李晶晶 ^1,¹, 郑田利 ¹, 沈丹芸 ¹, 陈嘉熠 ^1,^✉, 裴晓方 ^1,^✉

Editors: 田朴, 陈丽文

PMCID: PMC10930577 PMID: 35232914

Abstract

幽门螺杆菌是人类常见病原体之一，可引起慢性胃炎、消化性溃疡甚至胃癌等疾病。近年来研究发现幽门螺杆菌可由螺旋形变为球形，进入活的非可培养(viable but non-culturable，VBNC)状态，可能对公众健康构成潜在威胁。在该状态下，幽门螺杆菌的形态结构、生理特征发生了改变，能够保持代谢活性但蛋白质表达下降，同时丧失了在培养基上的生长能力。环境因素、抗生素及抑制剂类物质等条件可诱导幽门螺杆菌进入VBNC状态，但VBNC状态幽门螺杆菌能否复苏尚不明确。基于VBNC状态幽门螺杆菌细胞膜完整且具有代谢活性等特性，可使用活菌直接镜检法等经典方法以及反转录聚合酶链反应等分子生物学方法对其进行检测。目前VBNC状态幽门螺杆菌已在水体环境及生物媒介体内检出，且幽门螺杆菌可在人工污染的食品中进入VBNC状态，这给公共卫生和食品安全带来了挑战。因此，研究VBNC状态幽门螺杆菌的变化规律、检测方法等，对今后VBNC状态幽门螺杆菌的防控及其相关机制研究具有重要意义。

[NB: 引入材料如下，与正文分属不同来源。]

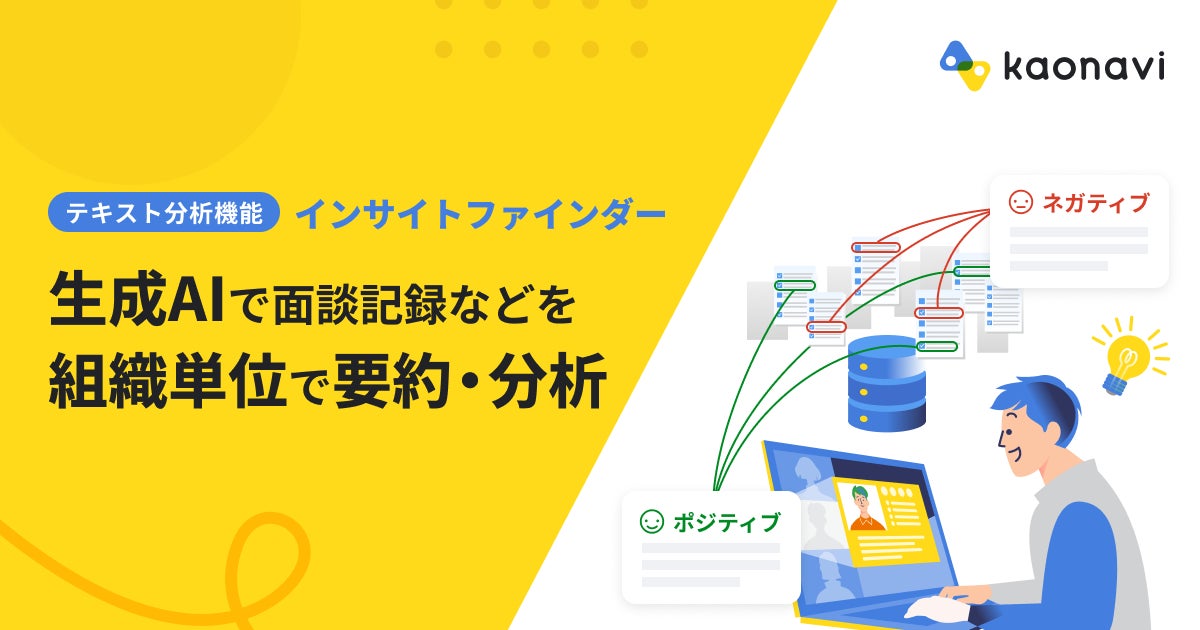 株式会社カオナビ(本社:東京都渋谷区、代表取締役社長 Co-CEO:佐藤 寛之、以下:当社)が提供するタレントマネジメントシステム「カオナビ」は、生成AIでテキスト分析を行う機能「インサイトファインダー」において、人材データベースとの連携を2025年5月29日(木)より開始します。
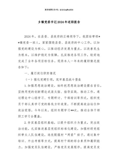 / 【七哥公文】2024年:乡镇党委书记2024年述职报告+更多免费公文+VX:QiGeGongWen2024
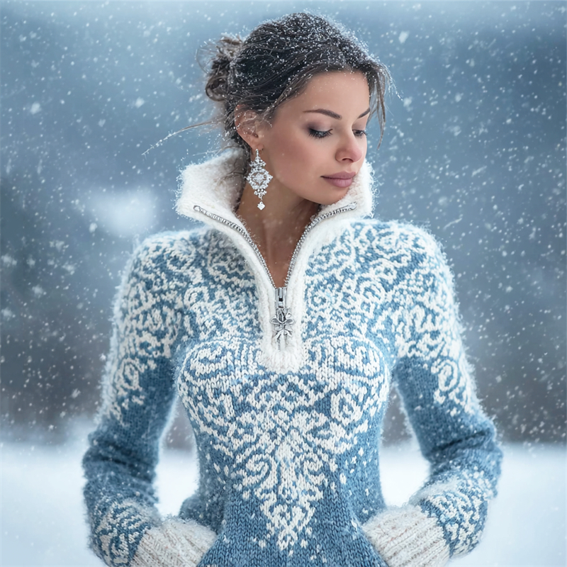 Snowflakes Inspired Celtic Contrast Cozy Knit Zip Up Sweater
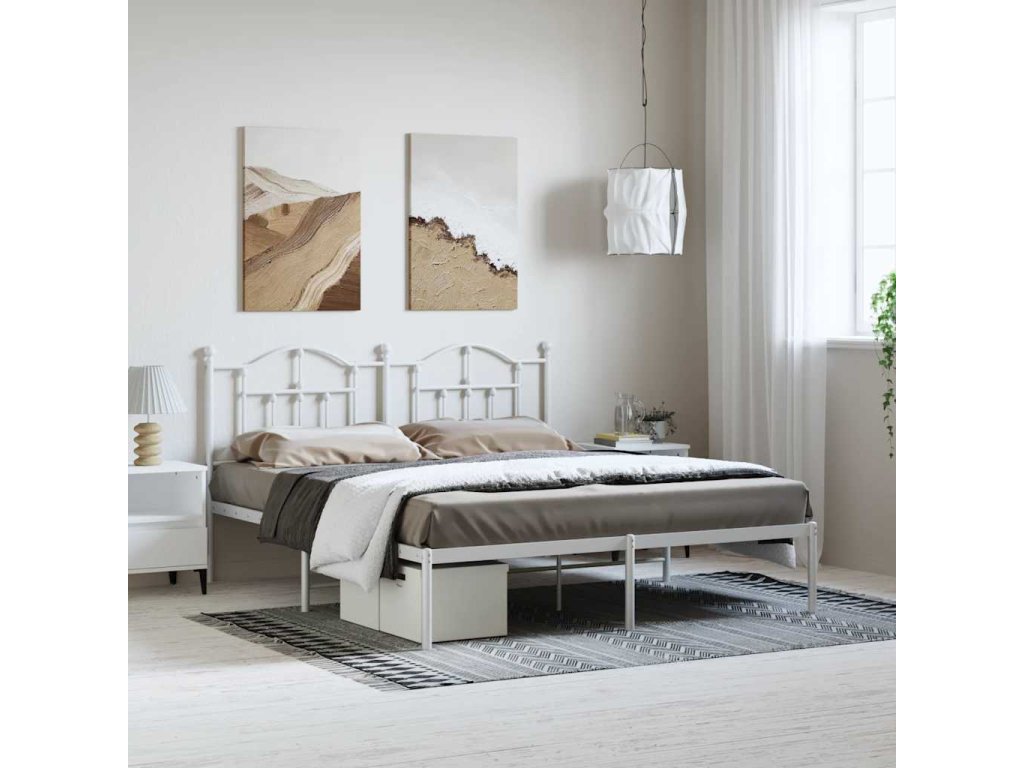 Kovový rám postele s čelem bílý 183 x 213 cm 353493
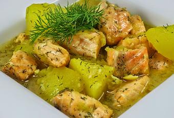 5- Despresurizar, rectificar de sal, agregar el salmón, válvula cerrada, menú guiso, 1 minuto, 110º, media presión. Dejar que despresurice sólo, así se termina de hacer el pescado y servir, espolvoreado de eneldo.
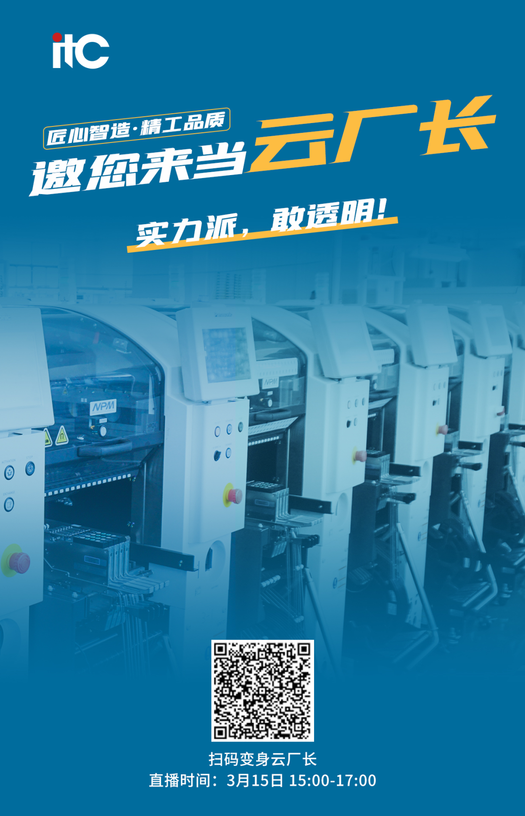 為讓大家近距離了解企業(yè)在宣傳貫徹落實省、市、區(qū)高質(zhì)量發(fā)展大會的部署要求,推動“第一責(zé)任人”知法明責(zé)、守法履責(zé)等方面所做的工作。3月15日,由番禺區(qū)市場監(jiān)督管理局指導(dǎo),廣東保倫電子股份有限公司(itc)主辦的“匠心智造.精工品質(zhì)——itc邀您來當(dāng)云廠長”主題活動,將以網(wǎng)絡(luò)直播形式帶大家直擊itc透明工廠,一同檢閱itc的品質(zhì)管控流程。

Keywords: 幽门螺杆菌, 活的非可培养状态, 检测方法, 诱导, 复苏

幽门螺杆菌是一种常见的革兰氏阴性微需氧菌，能特异性地定植于人和动物的胃黏膜上皮细胞^[1]。该菌在自然界中普遍存在，其宿主分布广泛，在人类中的感染形势较为严峻。2015年全球约有40亿人感染幽门螺杆菌，发展中国家成年人的感染率为70%~90%^[2]。幽门螺杆菌入侵宿主后主要导致慢性胃炎、消化性溃疡等胃肠道疾病，其感染与胃癌、胃黏膜相关性淋巴瘤的发生和发展密切相关，对社会造成了巨大的公共卫生风险及经济负担^[3]。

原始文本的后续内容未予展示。